**ASSIGNED TASK:** Write out exactly, and only, the lines below from the line with "But more than" through the line with "ContentsLesson 14Lesson 210Lesson"; pictures do not belong in the copy.
BEGIN DATA LISTING
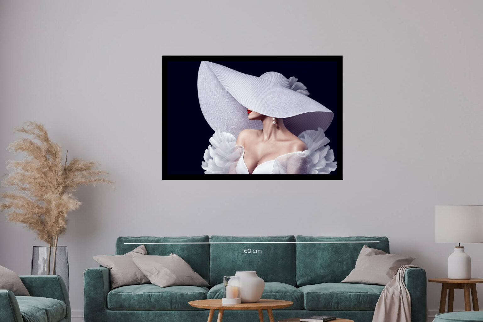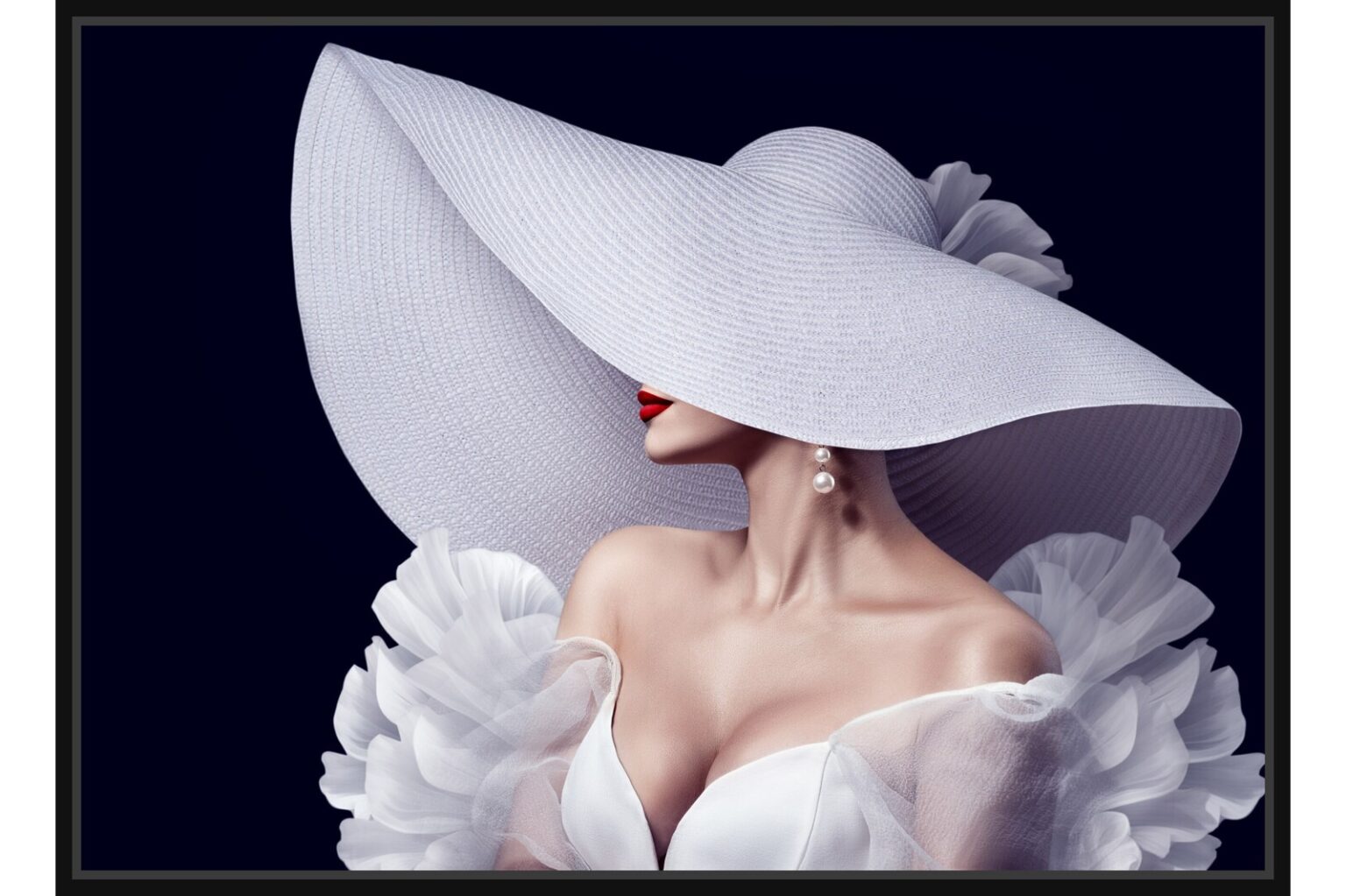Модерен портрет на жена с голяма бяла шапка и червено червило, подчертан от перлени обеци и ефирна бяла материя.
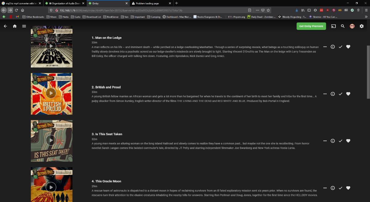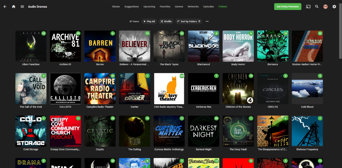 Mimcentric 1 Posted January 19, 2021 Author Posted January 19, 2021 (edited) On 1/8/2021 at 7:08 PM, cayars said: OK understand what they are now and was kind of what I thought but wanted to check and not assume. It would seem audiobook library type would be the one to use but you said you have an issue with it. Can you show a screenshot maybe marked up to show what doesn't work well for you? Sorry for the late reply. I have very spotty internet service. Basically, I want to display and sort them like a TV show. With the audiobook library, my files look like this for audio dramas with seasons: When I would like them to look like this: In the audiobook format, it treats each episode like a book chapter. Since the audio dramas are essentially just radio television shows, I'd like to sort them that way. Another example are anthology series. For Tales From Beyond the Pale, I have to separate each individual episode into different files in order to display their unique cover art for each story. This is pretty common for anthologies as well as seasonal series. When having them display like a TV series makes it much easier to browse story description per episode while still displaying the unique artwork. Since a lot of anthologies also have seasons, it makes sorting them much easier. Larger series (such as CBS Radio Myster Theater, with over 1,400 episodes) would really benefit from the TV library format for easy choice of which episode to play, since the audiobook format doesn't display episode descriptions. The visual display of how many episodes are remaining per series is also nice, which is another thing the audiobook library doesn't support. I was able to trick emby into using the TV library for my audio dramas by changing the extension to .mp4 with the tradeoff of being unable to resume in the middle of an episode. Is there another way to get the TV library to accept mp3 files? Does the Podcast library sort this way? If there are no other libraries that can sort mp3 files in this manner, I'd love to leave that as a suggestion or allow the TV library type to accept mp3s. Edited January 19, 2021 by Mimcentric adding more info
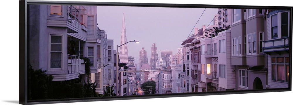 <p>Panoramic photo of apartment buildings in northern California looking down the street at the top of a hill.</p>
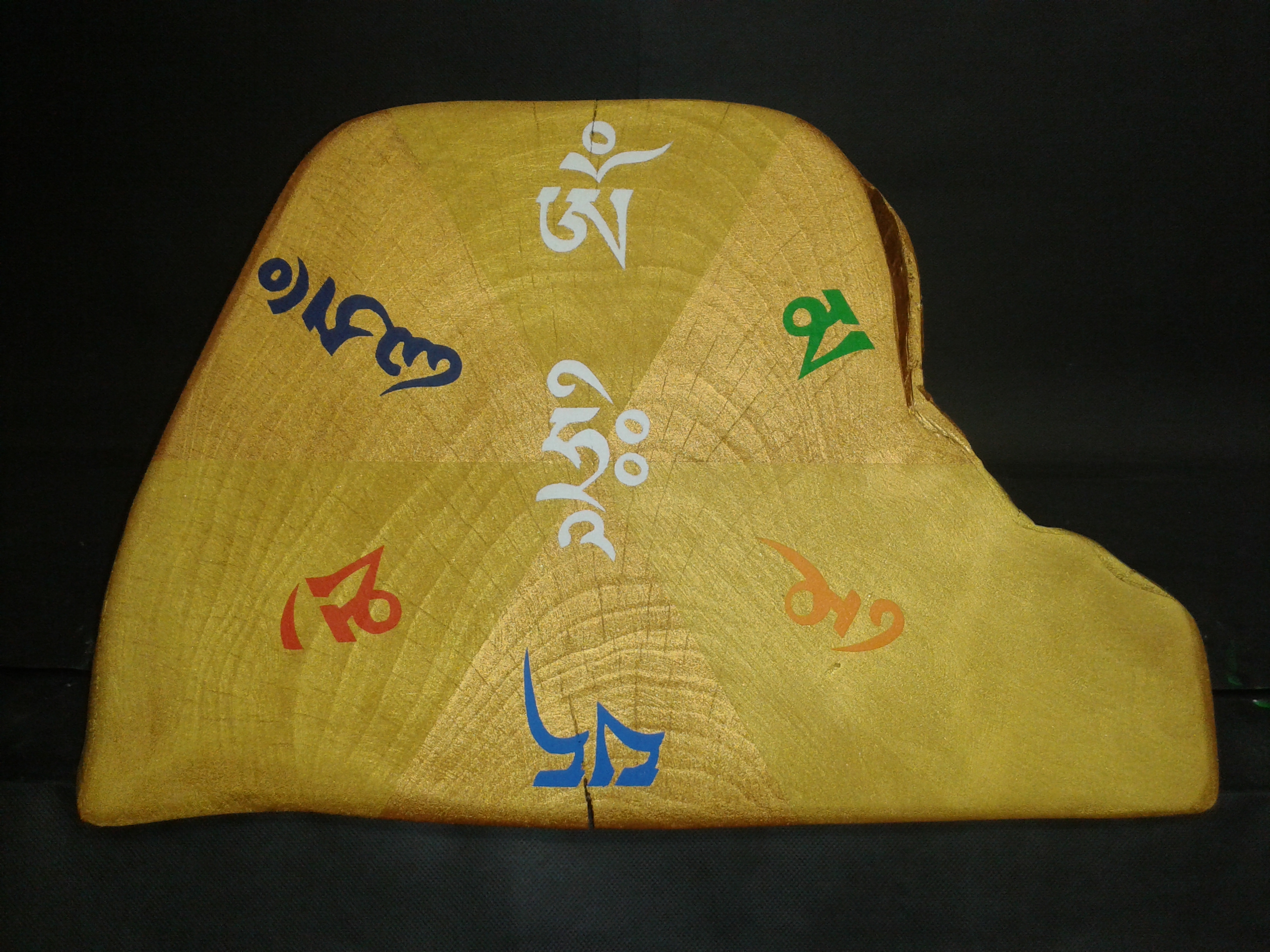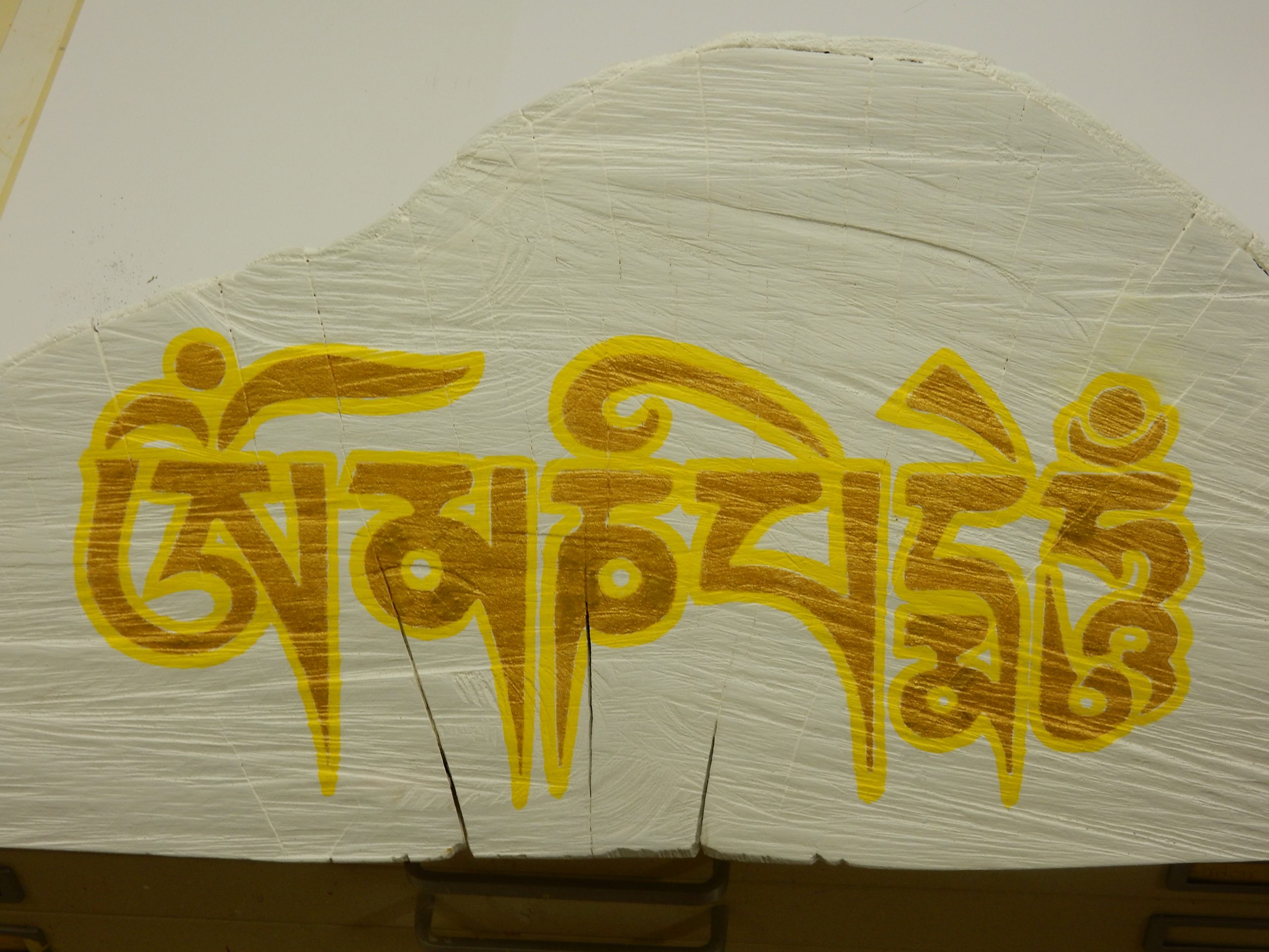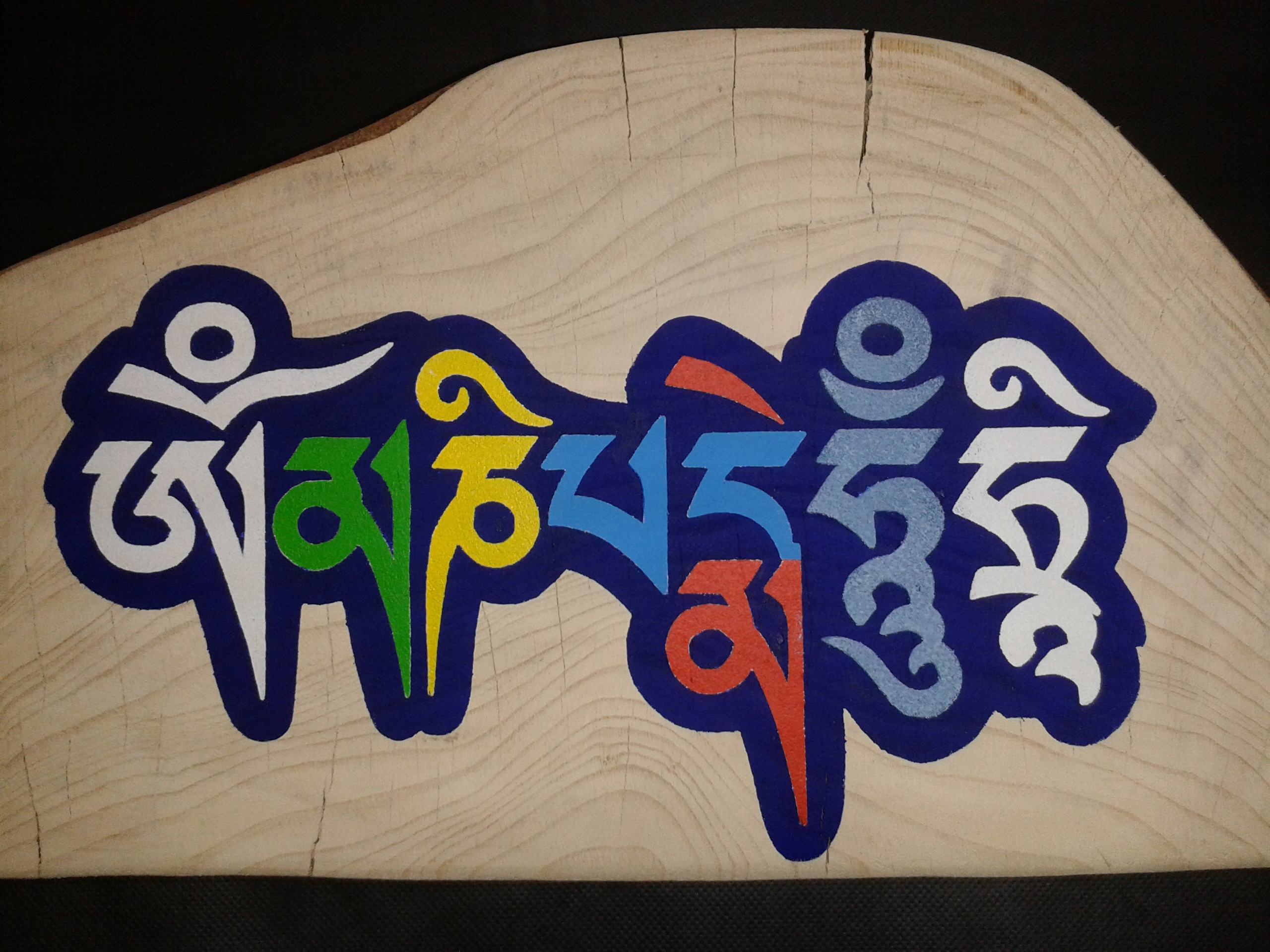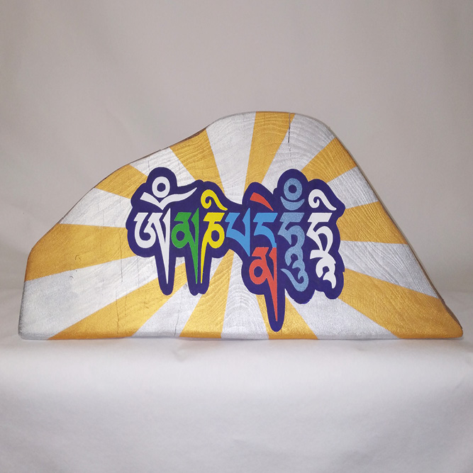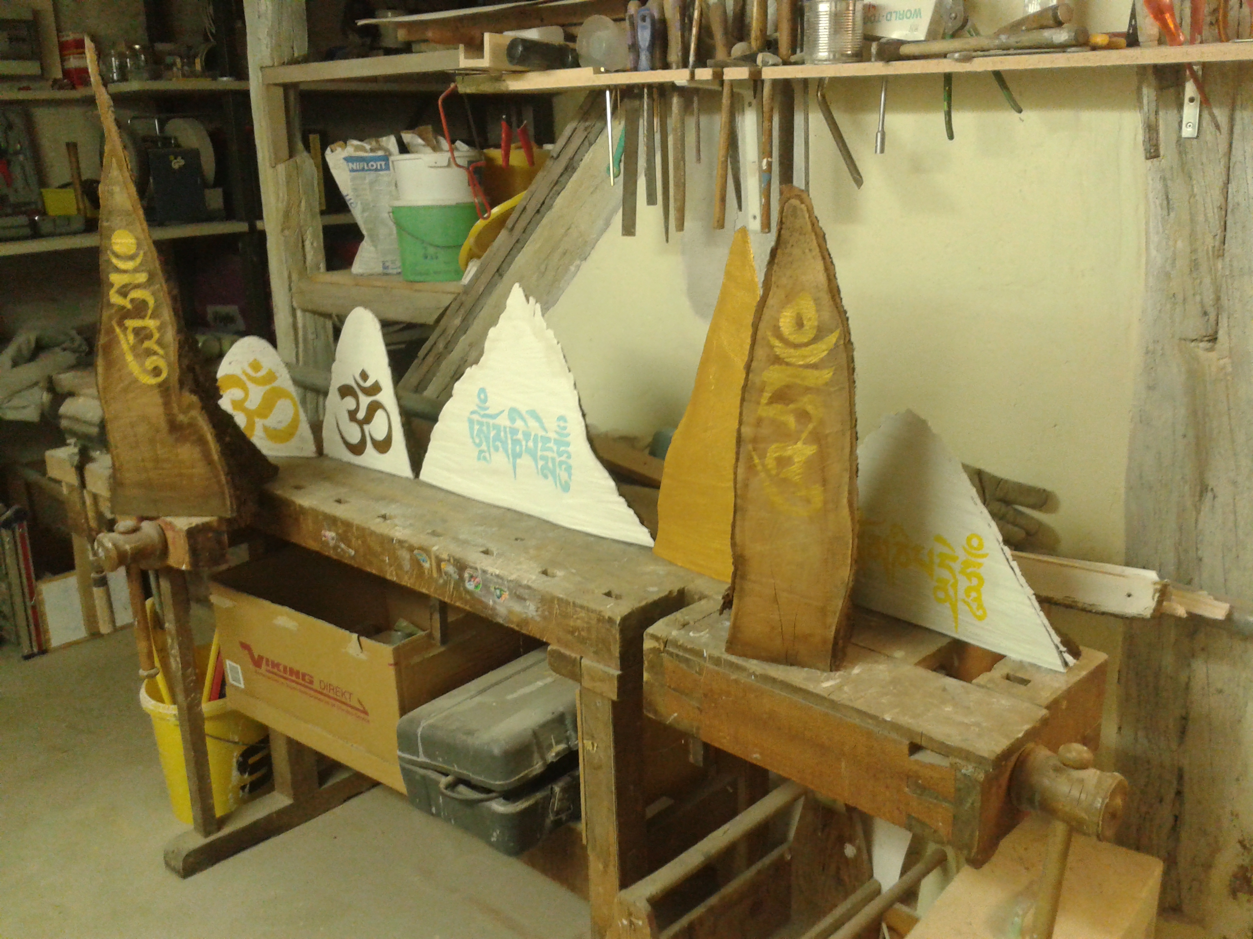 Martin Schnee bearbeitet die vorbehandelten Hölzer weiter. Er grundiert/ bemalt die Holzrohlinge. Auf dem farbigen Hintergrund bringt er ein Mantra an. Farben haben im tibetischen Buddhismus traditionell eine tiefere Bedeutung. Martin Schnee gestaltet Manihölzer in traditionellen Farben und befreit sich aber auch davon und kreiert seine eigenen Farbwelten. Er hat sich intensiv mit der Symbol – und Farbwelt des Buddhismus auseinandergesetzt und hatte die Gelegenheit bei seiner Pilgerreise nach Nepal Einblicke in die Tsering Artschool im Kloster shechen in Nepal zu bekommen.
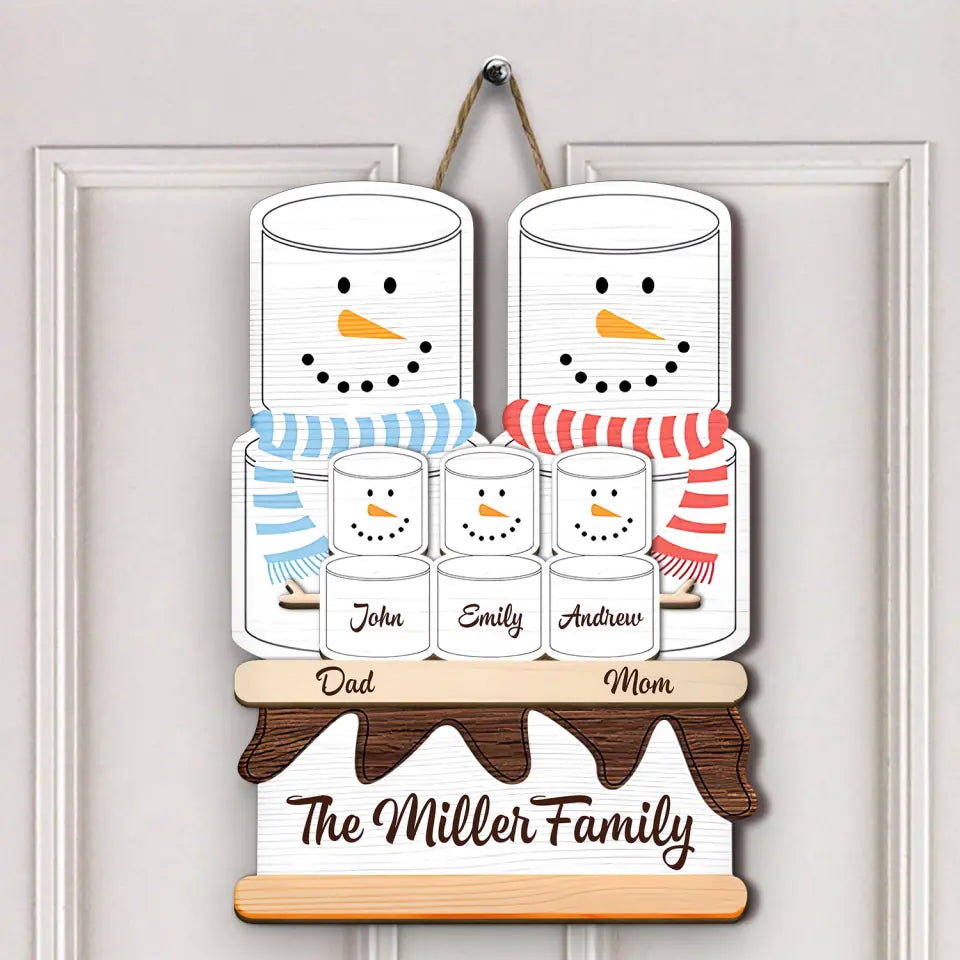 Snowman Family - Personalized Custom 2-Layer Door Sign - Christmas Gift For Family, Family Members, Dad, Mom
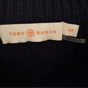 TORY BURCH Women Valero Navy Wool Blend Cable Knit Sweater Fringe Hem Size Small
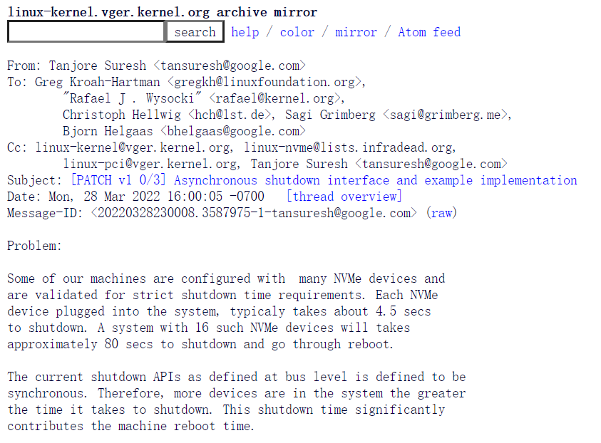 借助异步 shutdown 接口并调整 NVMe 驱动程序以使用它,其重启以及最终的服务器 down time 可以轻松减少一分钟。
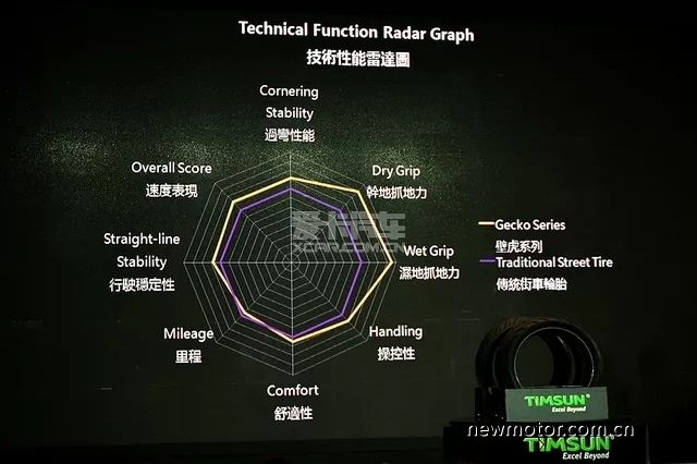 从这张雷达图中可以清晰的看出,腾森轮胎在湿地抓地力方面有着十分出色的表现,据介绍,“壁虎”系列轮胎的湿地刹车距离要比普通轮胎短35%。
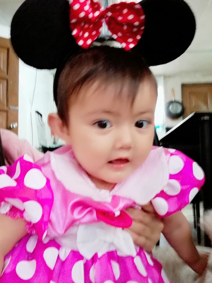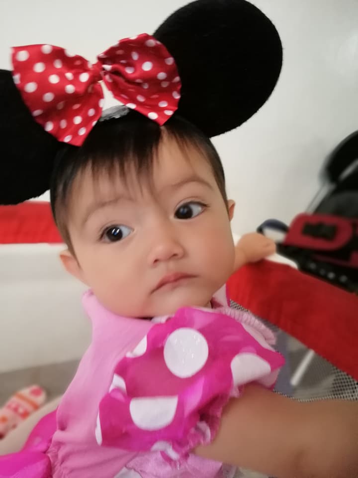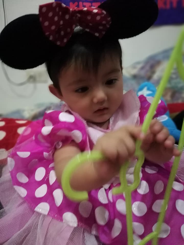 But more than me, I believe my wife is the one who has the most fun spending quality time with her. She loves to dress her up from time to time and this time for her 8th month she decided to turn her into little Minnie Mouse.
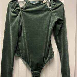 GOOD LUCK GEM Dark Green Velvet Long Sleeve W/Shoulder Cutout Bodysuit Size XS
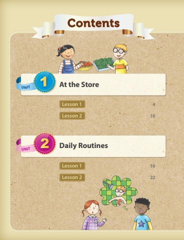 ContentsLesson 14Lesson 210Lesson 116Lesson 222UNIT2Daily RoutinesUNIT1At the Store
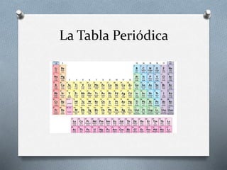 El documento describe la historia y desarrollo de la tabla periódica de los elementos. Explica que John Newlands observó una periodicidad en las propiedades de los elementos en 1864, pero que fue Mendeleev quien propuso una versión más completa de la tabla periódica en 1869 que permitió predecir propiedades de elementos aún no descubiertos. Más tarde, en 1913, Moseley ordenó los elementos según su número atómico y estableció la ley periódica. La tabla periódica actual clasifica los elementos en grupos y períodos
END DATA LISTING
**TASK OUTPUT:**
 But more than me, I believe my wife is the one who has the most fun spending quality time with her. She loves to dress her up from time to time and this time for her 8th month she decided to turn her into little Minnie Mouse.
 GOOD LUCK GEM Dark Green Velvet Long Sleeve W/Shoulder Cutout Bodysuit Size XS
 ContentsLesson 14Lesson 210Lesson 116Lesson 222UNIT2Daily RoutinesUNIT1At the Store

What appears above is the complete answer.